__Source data__.
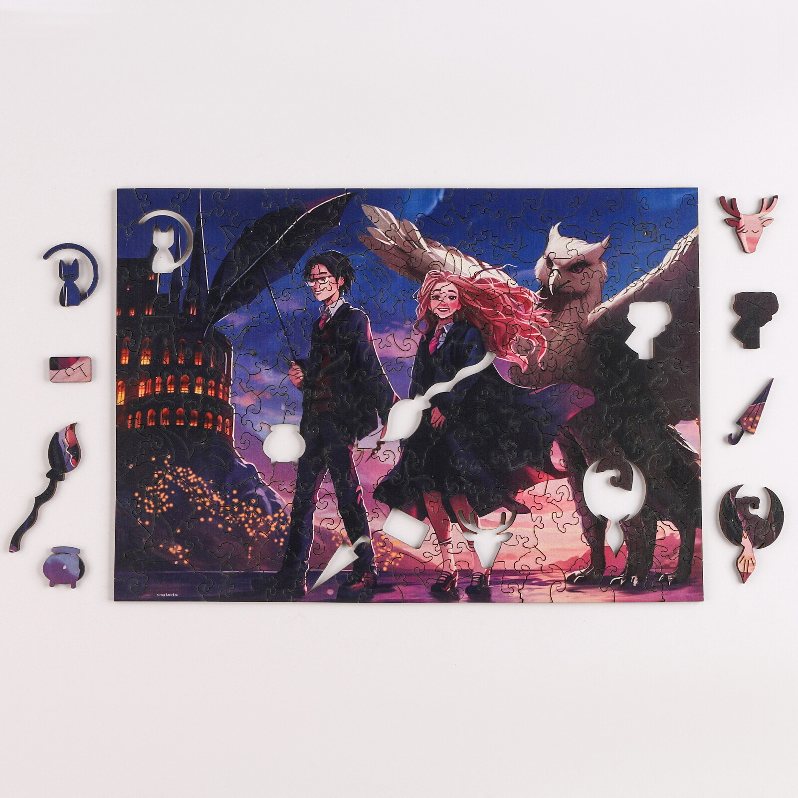 Детали данного пазла изготовлены из прочного дерева и имеют качественный принт. Собрав все детали разной формы воедино, вы получите красочное изображение с героями цикла произведений о юном волшебнике!
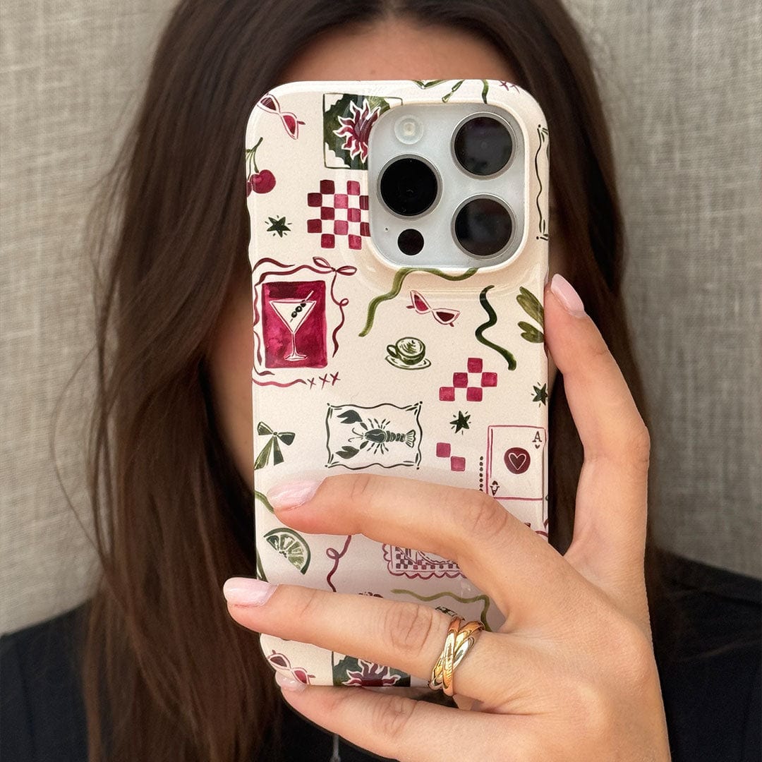 Say cheers to style with our Martini Gal phone case! This playful design features a whimsical mix of martinis, croissants, ribbons, and cards (to name a few), all illustrated in vibrant tones of deep red wine and rich greens against a chic beige backdrop. Perfect for anyone with a taste for the finer (and fun) things in life, this case offers a blend of personality and protection. Made from durable materials, Martini Gal keeps your phone safe while adding a dash of flair. Please note: reds may print darker than they appear on-screen, enhancing the mood of this unique design.
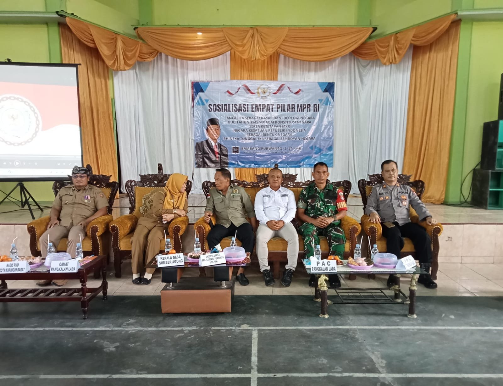 Kotawaringin Barat — Dalam upaya memperkuat semangat kebangsaan dan nilai-nilai dasar negara di tengah masyarakat, Danramil 1014-05/Pangkalan Banteng Kapten Inf Suwaryo menghadiri sekaligus menjadi narasumber dalam kegiatan Sosialisasi Empat Pilar Kebangsaan yang digelar di Aula Sumber Agung, Jl. A. Yani KM 23, Desa Sumber Agung, Kecamatan Pangkalan Lada, Senin pagi (20/10).

__Task goal__. Give again, word for word, every line from the top of the data above to the line holding "Say cheers to", inclusive, with the pictures left out.

__Exercise solution__.
 Детали данного пазла изготовлены из прочного дерева и имеют качественный принт. Собрав все детали разной формы воедино, вы получите красочное изображение с героями цикла произведений о юном волшебнике!
 Say cheers to style with our Martini Gal phone case! This playful design features a whimsical mix of martinis, croissants, ribbons, and cards (to name a few), all illustrated in vibrant tones of deep red wine and rich greens against a chic beige backdrop. Perfect for anyone with a taste for the finer (and fun) things in life, this case offers a blend of personality and protection. Made from durable materials, Martini Gal keeps your phone safe while adding a dash of flair. Please note: reds may print darker than they appear on-screen, enhancing the mood of this unique design.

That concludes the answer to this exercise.